Skip to content

ClickHouse

The @effect/sql-clickhouse package provides ClickHouse support for Effect SQL. ClickHouse is a column-oriented database optimized for analytics and OLAP (Online Analytical Processing) workloads.

Installation

bash
npm install @effect/sql @effect/sql-clickhouse

Basic Setup

typescript
import { Effect } from "effect"
import { SqlClient } from "@effect/sql"
import { ClickhouseClient } from "@effect/sql-clickhouse"

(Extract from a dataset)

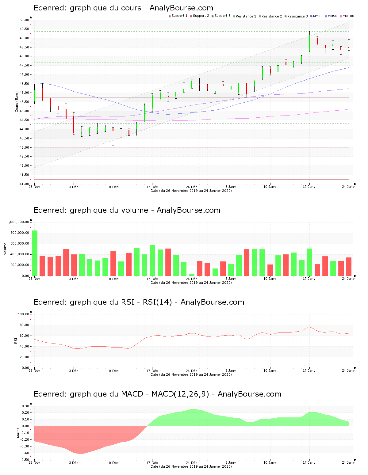 Du côté des indicateurs, on relève que ces cinq derniers jours de cotations le RSI est en diminution. C’est toutefois toujours au niveau d’achat que ce dernier se situe. La valeur Edenred dispose d’une moyenne mobile sur 20 jours située au-delà de sa moyenne mobile sur 50 jours, qui est elle-même positionnée au-dessus de sa moyenne mobile sur 100 jours. La valeur montre donc un mouvement en croissance sur le long terme. Voilà dorénavant 40 séances de cotations que la moyenne mobile sur 50 jours de l’action Edenred se place au-delà de sa moyenne mobile sur 100 jours. Enfin, on constate que ces cinq dernières séances l’indicateur MACD est en vigoureuse baisse. Ce dernier révèle cependant encore une tendance du cours en grande progression à court-moyen terme.

const DatabaseLive = ClickhouseClient.layer({
  host: "localhost",
  port: 8123,
  database: "analytics",
  username: "default",
  password: Redacted.make("")
})

const program = Effect.gen(function* () {
  const sql = yield* SqlClient.SqlClient
  const events = yield* sql`SELECT * FROM events LIMIT 100`
  return events
})

Effect.runPromise(program.pipe(Effect.provide(DatabaseLive)))

Configuration Options

typescript
import { Redacted, Duration } from "effect"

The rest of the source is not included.